Glossary of franchise terms – What you need to know

Franchise: A franchise is a right granted to an individual or group to market a company’s goods or services within a certain territory or location. There are a number of advantages with belonging to a franchise organization. You will get access and benefit from an already well developed business and marketing system that may include: Corporate image, brand name, trademarks, copyrights, trade secrets and patents. The corporate image and brand awareness of the franchise is already established. Consumers are usually more comfortable turning to a familiar name or company they trust and are aware of. Adhering to the franchisor’s guidelines about business practices and standards will enable you to always provide your customers with quality goods and services.

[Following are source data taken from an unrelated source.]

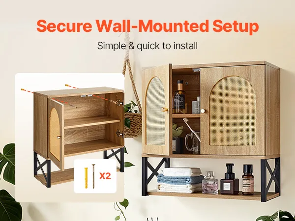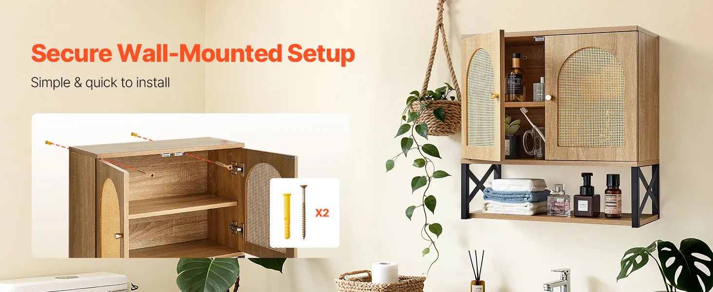This wall bathroom cabinet features a secure, stable mounting design, complete with a detailed instruction manual and full tool set. No complex operations are needed for easy installation. Whether beginner or non-professional, you can quickly mount the cabinet on the wall.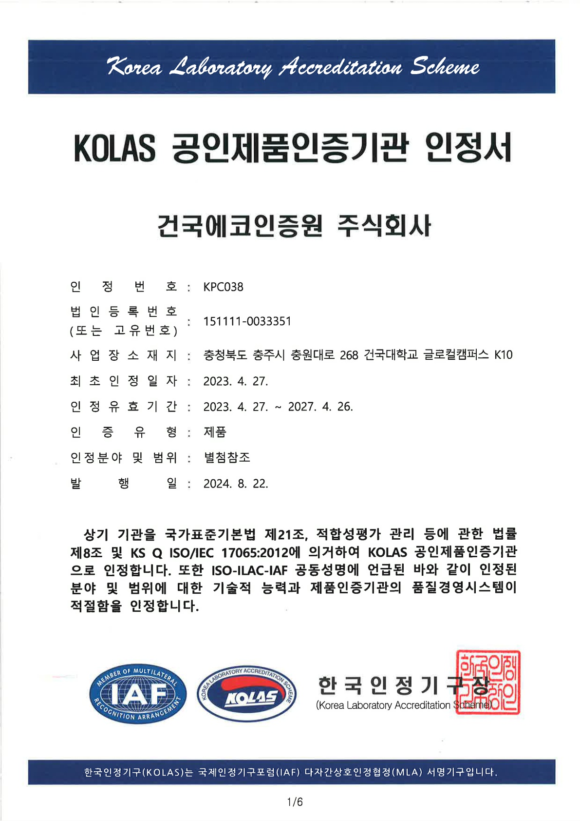 상호 : 건국에코인증원(주)│대표 : 김범석│사업자 등록번호 : 303-81-52406 [사업자정보확인]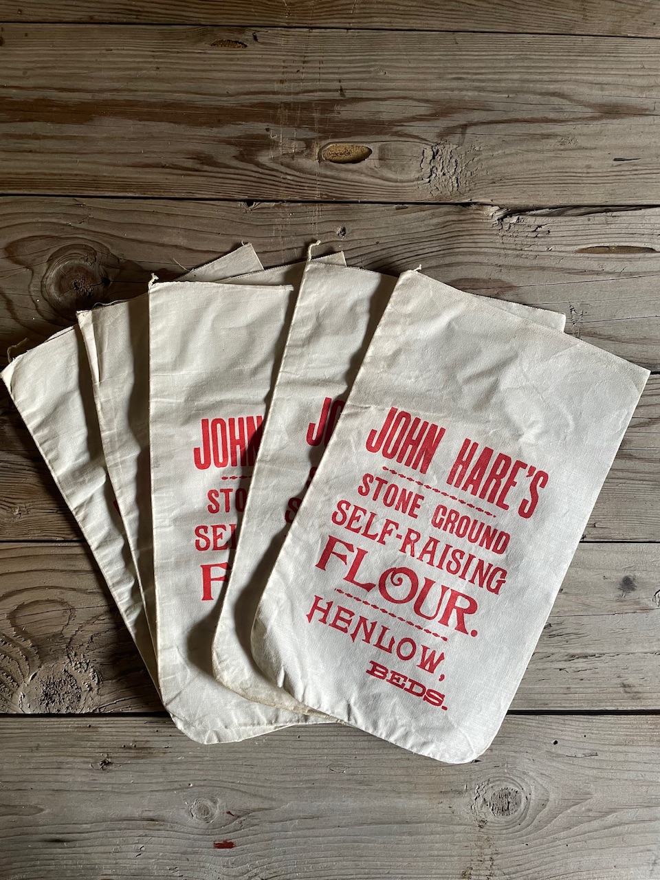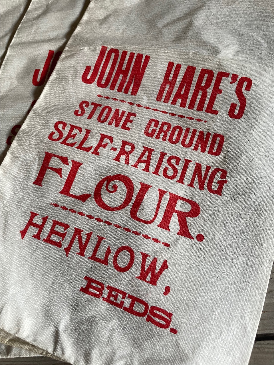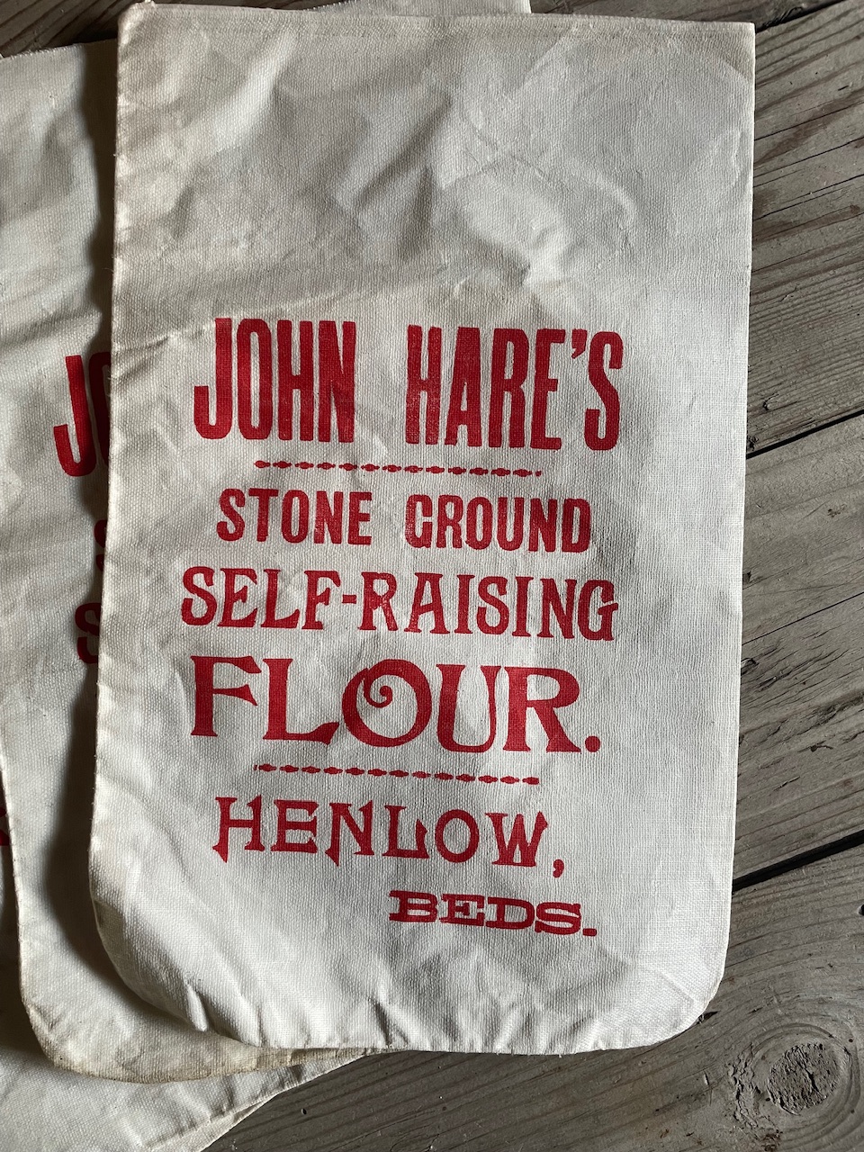 A run of early C20th cloth flour bags from John Hare’s of Henlow, Bedfordshire.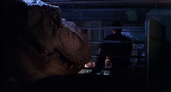 Hvor denne ene scene viser Spielbergs fremragende evne til iscenesættelse af neglebidende suspense, er der andre dele af filmen, der viser hans kapacitet for det rendyrkede bulder og brag. Det er filmens klimaks, hvor en Tyrannosaurus slipper fri i San Diego og laver ravage. Hvor spektakulært det end er, er det imidlertid scenerne på øen, der er de mest effektive, og det er da heldigvis også dér hovedparten af handlingen udspiller sig.

Franchising: Franchising is a way of doing business that allows you to be in business for yourself, but not by yourself. When you elect to buy into a franchise system you will in return obtain access to the business methods and support such as the right to sell a proven and recognized product or service, to use the franchisor’s business practices, advertising aid and to receive initial training and ongoing support. When you buy a franchise you are also typically buying an exclusive territory in which to do business. In comparison to start your own business from scratch, buying a franchise eliminates some of the initial hard work; there is already a proven business practice in place. This will save you valuable time and costly “trial and errors” since the products, services, and business operations have already been established. There is an already established system in place and a higher likelihood of success. If you follow the system the franchisor has put in place, you should be on your way to running a very successful business in less amount of time than if you do it all on your own.

Franchisor: The parent company that allows individuals to start and run a business using its trademarks, products and processes, usually for a fee.

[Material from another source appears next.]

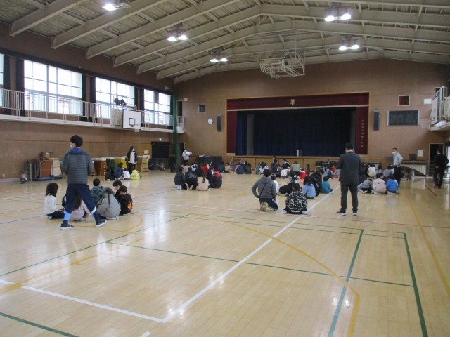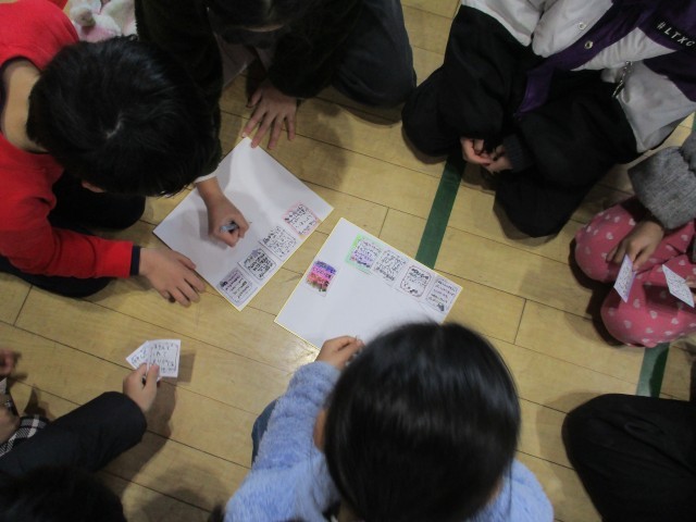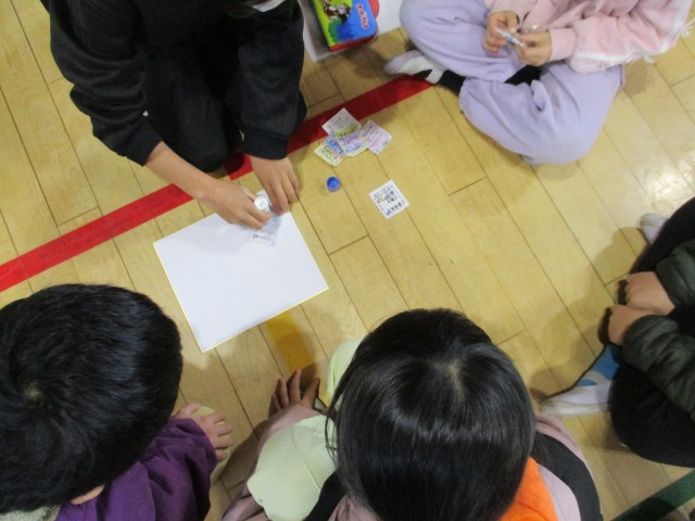 2月12日(木)の児童集会は、「卒業を祝う会」に向けての活動でした。1~5年生の子どもたちが講堂に集まり、6年生への感謝の気持ちや卒業をお祝いする気持ちを込めて書いた【メッセージカード】を台紙にのり付けしたり、イラストを描いたりして、6年生へのプレゼントを仕上げていきました。

Franchisee: An individual who purchases the right to operate a business under the franchisor’s name and system.

Franchise fee: Most franchise fees are between $10,000 and $50,000. In some cases, you may see franchise fees less than $20,000. These franchises with lower franchise fees are usually home-based or mobile franchises. The franchise fee usually covers the cost of training, support and site selection. The items or benefits that are included in a franchise fee are different for every company. In some cases, the franchise fee is just an upfront licensing fee for the rights to use the franchise name.

Franchise agreement: The written contract, included in the FDD, which outlines the responsibilities of both the franchisor and the franchisee.

Term of agreement: This spells out the length of time that your franchise agreement is valid–usually anywhere from five to 20 years. At the end of your term, if you are a franchisee in good standing, most franchisors will allow you to renew your agreement.

Franchise Disclosure Document (FDD): All franchisors are required by the U.S. Federal Trade Commission to provide this legal document to prospective franchisees. FDDs are updated annually and consist of 23 sections, called items, which explain the company history, the fees and costs, contractual obligations, unit data and more. Don’t make a move without reviewing it.

Startup cost/initial investment: A thee-month estimate required to open the franchise, outlined in Item 7 of the FDD. This includes the franchise fee, along with other startup expenses such as real estate, equipment, supplies, business licenses and working capital.

Training: The franchisor will provide extensive initial and ongoing training and support in all areas of business.

Registration states: Twelve states require franchisors to register their FDDs with a state agency before they are legally allowed to sell franchises within that state. Find a list at

Royalty fee: Most franchisors require franchisees to pay a fee on a regular basis (weekly, monthly or yearly). Usually, it’s a percentage of sales; sometimes it’s a flat fee. Most franchisors also require a separate national advertising / local fee to cover advertising costs.

Company-owned units: These are locations that are owned and run by the parent company (the franchisor), rather than by franchisees.

Conversion: Some franchisors offer entrepreneurs the opportunity to convert their existing independent business into a franchise.

In-house financing: Financing offered by the franchisor to franchisees to help with expenses, which can include the initial franchise fee, startup costs, equipment and inventory as well as day-to-day expenses such as payroll.

Third-party financing: Financing provided by a source other than the franchisor or seller. Many franchisors use third party financing.

Owner carry: Term used for financing provided by the seller of an existing business. Terms and interest are negotiable.

Inventory: If you are selling a specific product you must stock up on inventory. Every business is different and has different requirements.

Working Capital: Working capital is in the amount of day-by-day cash available to a business. It is critical that the working capital cover a particular length of time, ranging from a few months to possibly one to three years, until the business has break even cash flow.

Build-Out Costs: Your overall build-out costs associated with a business location. This will include all furniture, fixtures, equipment and signage.